- Born: 30 August 1961 (age 64) Porth, Rhondda, South Wales, United Kingdom
- Other name: Denise Waterman;
- Occupations: Actress, singer
- Years active: 1972–present
- Spouse: Pete Waterman ​(m. 1991⁠–⁠1999)​ (divorced)
- Children: 2

= Denise Gyngell =

Welsh singer, actress and model

Denise Gyngell, also known professionally as Denise Waterman, (born 30 August 1961) is a Welsh singer and actress. She is best known as a member of the early 80s pop group Tight Fit. She later married record producer Pete Waterman.

== Career ==

As a child actress, Gyngell appeared in "The Darwin Adventure" at the age of eleven with her brothers Paul and Michael, cast as Darwin's children in 1972. The following year, Gyngell appeared in the episode, "Song for Twilight," in "Play For Today" written by Noël Coward, featuring Peter Sallis. She also appeared in "The Zoo Robbery," once again joined by her brother Paul.
At twenty-one, Gyngell starred on "The Benny Hill Show" as one of the Hill's Angels. Among her appearances on the show are as one of the "Remote Control Angels" in the Street Dance on the 25 March 1981. Gyngell also appeared in as a non-dancing Angel in the 10 February 1982 episode.
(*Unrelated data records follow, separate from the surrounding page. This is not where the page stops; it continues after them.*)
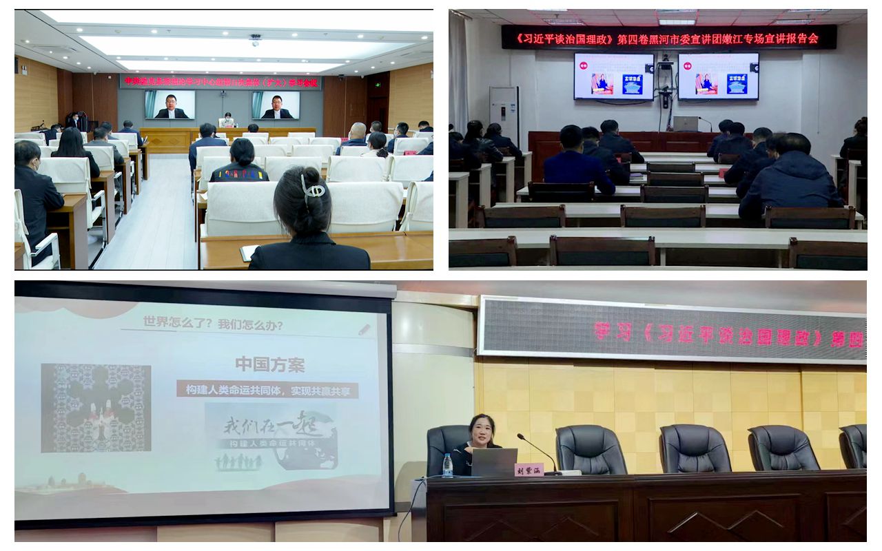 在学习文本的基础上,马克思主义学院还围绕《习近平谈治国理政》第四卷开展学理阐释,2篇理论阐释文章在《黑河日报》理论版刊载;3名教师入选黑河市《习近平谈治国理政》第四卷理论宣讲团,为嫩江市、逊克县及我校辅导员培训班、2022级新生作专场报告,通过学理阐释和宣讲进一步推动学习成果转化。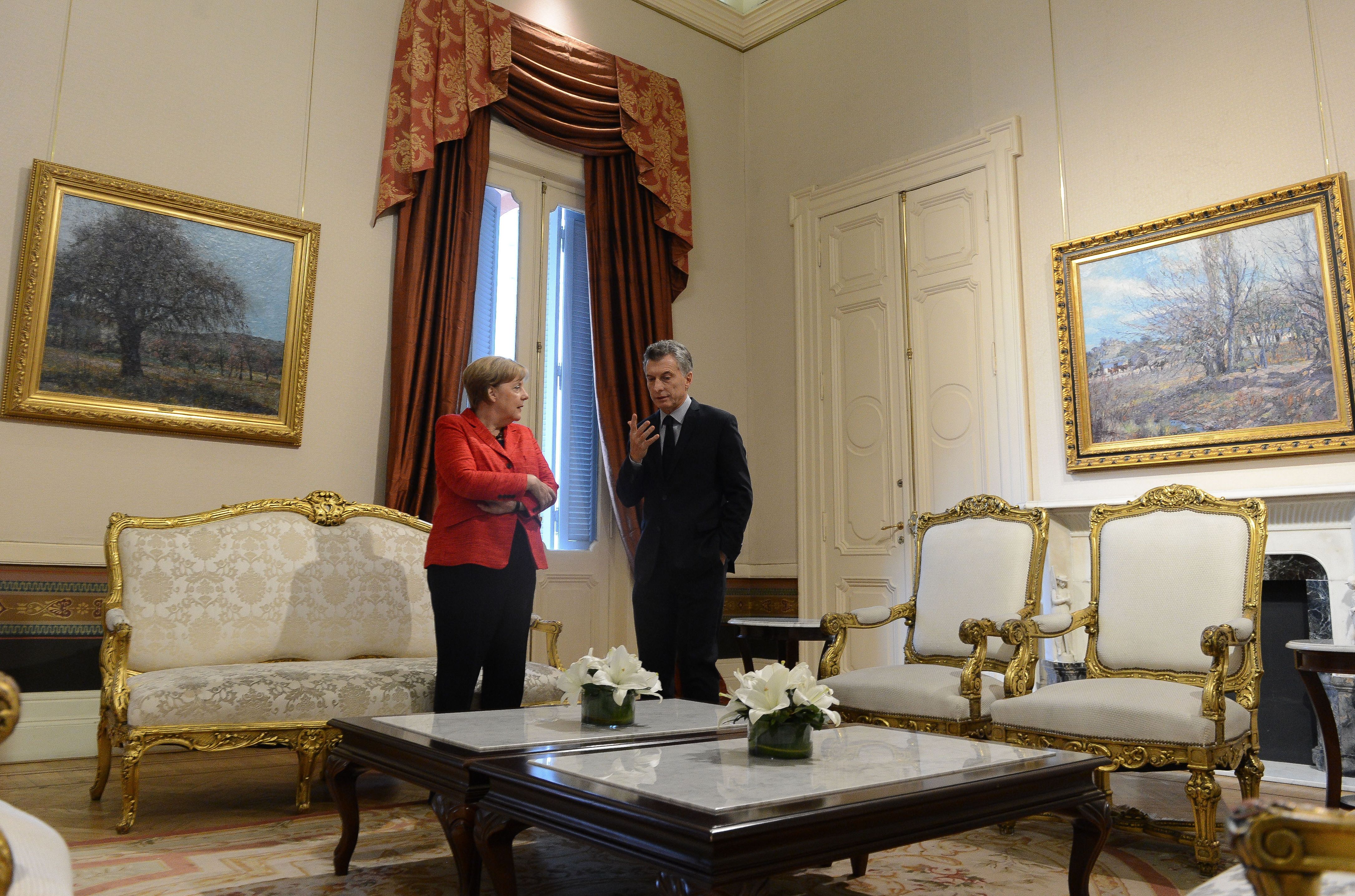 Macri recibió a Merkel minutos antes del mediodía en la explanada de la Casa Rosada, mantuvo una reunión bilateral de más de una hora, compartió un almuerzo en uno de los salones de la sede gubernamental y luego una reunión con una decena de empresarios alemanes. Por la tarde-noche asistieron a una cena de gala en el centro Cultural Kirchner.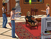 ■自作映画が作れる「ムービーメーカー」 プレイヤーはゲーム中の好きな場面を録画し,その後,編集を加えて映画(のような雰囲気のもの)を作ることが可能になる。この作成した映画は,avi形式のファイルとなっているので,自分のWebサイトにアップロードすることで,ほかの人が手軽に閲覧できるようになる。これまで,海外のシムファンには付属の画面キャプチャ機能でアルバムを作り,それを物語風にして公開するなどの遊びが受け入れられていたが,この「ムービーメーカー」機能を使った"Sims映画祭"を開催すれば,オンラインコミュニティ主導のイベントとなりそうだ。このムービーメーカーによって,シムシリーズの遊びの幅がさらに広がったといえるだろう。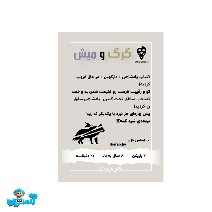 آفتاب پادشاهی «دارکهیل» رو به غروب است و شما و رقیبتان برای تصاحب قدرت روبهرو میشوید. در گرگ و میش، نبرد با «قوانین سلسلهمراتبی» پیش میرود؛ یعنی هر کارت فقط بر بعضی کارتها غلبه میکند. باید دستِ حریف را بخوانید، بلوف بزنید و در لحظهٔ درست، کارتِ کلیدی را رو کنید. تجربهای سریع، تاکتیکی و سرشار از چرخشهای غافلگیرکننده برای ۲ نفر.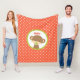 A blanket with a cute baby monkey holding a pacifier in his mouth inside a circle with an olive green border. The word Hello above his head, which can be customized with a name or other text. The background is an orange and white polka dot pattern.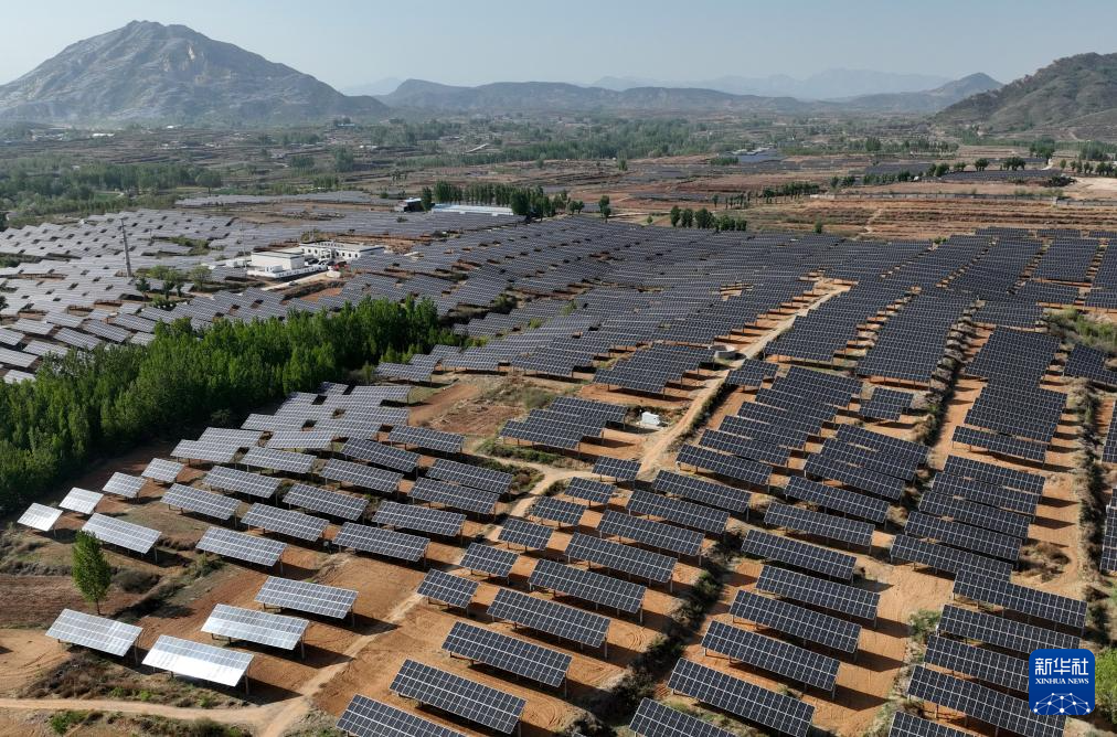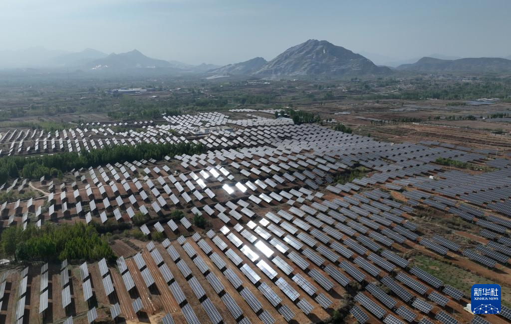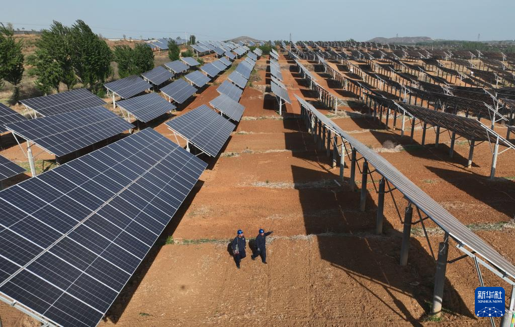 4月16日拍摄的河北省石家庄市灵寿县谭庄乡程家庄村的“农光互补”光伏发电场(无人机照片)。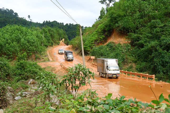 Đoàn thiện nguyện phải vượt qua những đoạn đường bị sạt lở để đến với Trà Nam.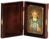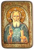 Инкрустированная настольная икона Преподобный Сергий Радонежский чудотворец (10*15 см, Россия) на натуральном мореном дубе, в подарочной коробке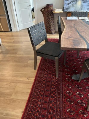 Introducing the Cohen dining chair, a stunning blend of style and comfort for your dining area. With a comfortably low 19inches seat height, this upholstered dining chair is thoughtfully designed to make your dining experience extraordinary. It features a comfortably padded saddle seat upholstered with high quality faux leather. The legs are made from solid rubberwood in natural finish, making each piece truly unique. And the star of the show, Cohen's hand-woven faux leather backrest, not only adds a touch of artisanal beauty but also provides excellent comfort.

As part of Tight Fit, Gyngell had a No. 1 single with a cover version of "The Lion Sleeps Tonight", and a top 5 hit with "Fantasy Island" in 1982. The band re-formed in 2010 and began doing small gigs around Britain.

In 2024, Gyngell performed at a charity event for Calder Valley Radio. In 2025, Gyngell reunited with her Tight Fit bandmates, releasing a new album. In 2026, Gyngell revealed on Instagram that she was left stranded in Dubai due to the missile strikes across the Middle East.

== Personal life ==
Gyngell married producer Pete Waterman in 1991; the couple divorced in 1999. They have two children.